Don’t Open the Door Further to Dark Money

5.13.21        Lisa Graves

 

On April 26, the U.S. Supreme Court heard oral arguments in a case that could unmoor decades of transparency laws, even as dark money spending by special interests continues to rise.

The court’s new majority is being asked by billionaire Charles Koch’s nonprofits to expand on the notion that “money is speech” by ruling that the First Amendment bars disclosure laws that may chill large donors from giving more money to nonprofits.

On the surface, the case, known as Americans for Prosperity Foundation v. Bonta, is about whether a state can require a nonprofit group to reveal a list of its donors who give $5,000 or more. That data is not public, but a glitch in California’s electronic filing system inadvertently made it searchable to other filers for a short period, which Koch’s Americans for Prosperity Foundation discovered.

The rule requiring secret disclosure has been followed in millions of nonprofit filings since 1970. There is no evidence it was misused or abused by regulators or others, and the California flaw was fixed.

But that was not good enough for Koch’s Americans for Prosperity, which apparently had been refusing to provide that data to California anyway, even though it was required by the Internal Revenue Service on Schedule B of their annual tax filings. The IRS has allowed nonprofits to redact the names but has required public disclosure of the largest amounts.

This rule is the only reason we know, for example, that a group called the Wellspring Committee received almost all of its funding, more than $28 million, from a single donor after Justice Antonin Scalia died in February 2016. The donor’s identity remains unknown.

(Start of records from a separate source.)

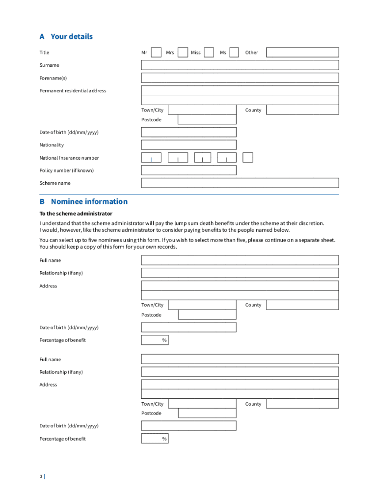 Nomination forms for pensioners are documents that allow pensioners to designate who will receive their pension benefits in the event of their death.
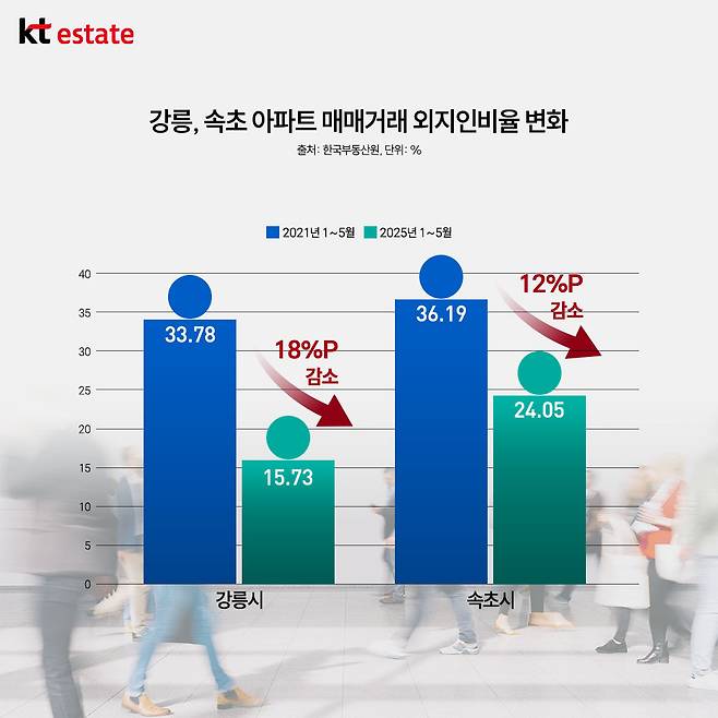 2025년 5월까지 속초의 외지인 거래비율은 24.05%로 2021년 동기간과 비교하면 12%P 가량 감소했고 강릉도 외지인 거래비율이 2021년 5월까지 33.78%에서 2025년 5월까지 15.73%로 내려갔습니다.
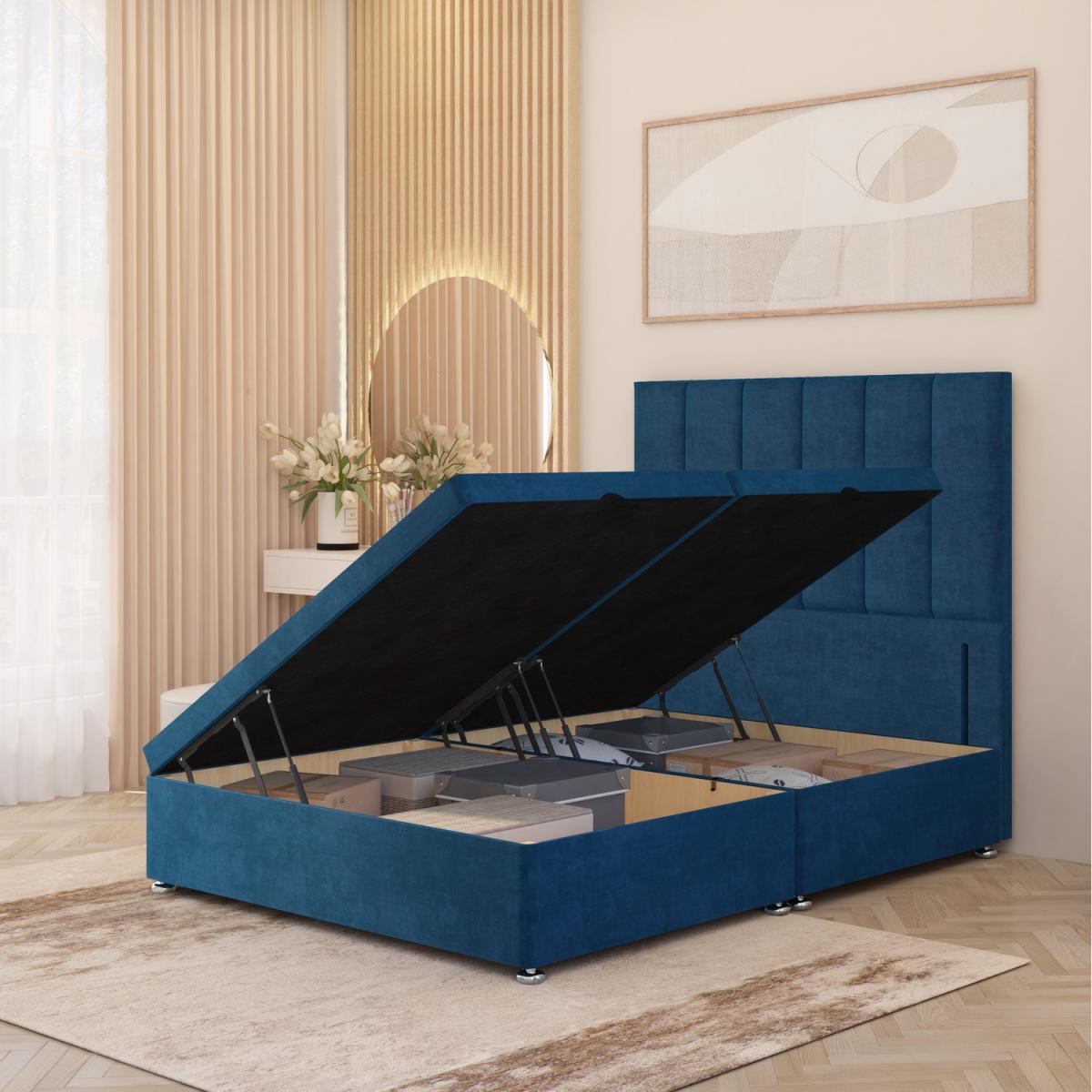 The Austin Plush Velvet Side Opening Ottoman Divan Storage Bed Base with 54" Floor Standing Upholstered Headboard combines timeless style with lasting support. Mattress not included. Exclusively manufactured in the UK. Featuring a solid, non-slip platform base. A solid top base provides a firm, stable surface for your mattress, eliminating the bouncy feel and poor edge support often experienced with slatted bases, allowing your mattress to benefit you to its full potential. The base comes with solid wood throughout the inside of the storage compartments, offering a luxurious look when opened, with a wooden floor also so your storage isn't just sitting on your floor. The matching headboard is crafted with soft, cushioned vertical panels, with hand finished upholstery for stunning appeal as well as comfort when sitting up in bed. Base Height 34.5cm or 37.5cm with gliders attached (base can be used with or without gliders). Internal storage dimensions vary by bed size, typically 4-6cm smaller in length and width than the total bed size. All ottoman beds provide 24cm of discreet under bed storage, easily accessed with smooth, gas-assisted side-lift pistons (600N800. N depending on size). Perfect for modern spaces, this Ottoman bed is expertly made by our skilled craftsmen in the UK and meets all UK safety and quality standards. 2FT. 6 and 3FT ottomans arrive as one base piece, and have one storage compartment, 4FT and above arrive as 2 pieces and thus have two separate storage spaces. Total headboard height from the floor is 54" / 137cm, the front panel of the headboard is 34" / 86cm. 4FT. 6 Ottoman Bed, L 193cm x W 137cm

Between 2016-17, Wellspring gave a total of $38 million to a group called the Judicial Crisis Network, which spent millions to pressure the Senate to block President Barack Obama’s nominee for the U.S. Supreme Court, Merrick Garland, and then to push for the confirmation of President Donald Trump’s nominee to that seat, Neil Gorsuch. After spending additional millions to help get Brett Kavanaugh confirmed, Wellspring closed.

The case before the Supreme Court continues Koch’s assault on even minimal transparency and oversight of nonprofits, which became increasingly involved in elections after the controversial Citizens United ruling in 2010.

Since then, Koch has helped raise and spend more than a billion dollars to influence elections, but the donors are kept hidden. That is why spending through such groups, like Americans for Prosperity, is so robust. Unlike money donated directly to a candidate or political party, which must be disclosed, donations to groups like Americans for Prosperity are secret.

In fact, we do not even know how much Koch himself or Koch Industries has spent, due to Sen. Mitch McConnell’s blocking of disclosure bills.

Americans for Prosperity has taken credit for spending millions to help GOP candidates win elections and to get Trump-appointed judges confirmed. That includes helping Amy Coney Barrett get confirmed right before the 2020 election, which is why Sen. Sheldon Whitehouse, D-R.I., and others asked that she recuse herself from hearing the case. Barrett refused.

But now, Justices Barrett, Kavanaugh and Gorsuch are poised to aid the agenda of the dark money groups that helped sweep them onto the Supreme Court. They may even strike a fatal blow against disclosure laws, like HR 1, the For the People Act, which would shine a light on billionaires like Koch who have secretly spent untold millions to influence elections.

This is the wrong way to go. Our democracy desperately needs more sunshine, not more darkness.

This column was produced for The Progressive magazine and distributed by Tribune News Service.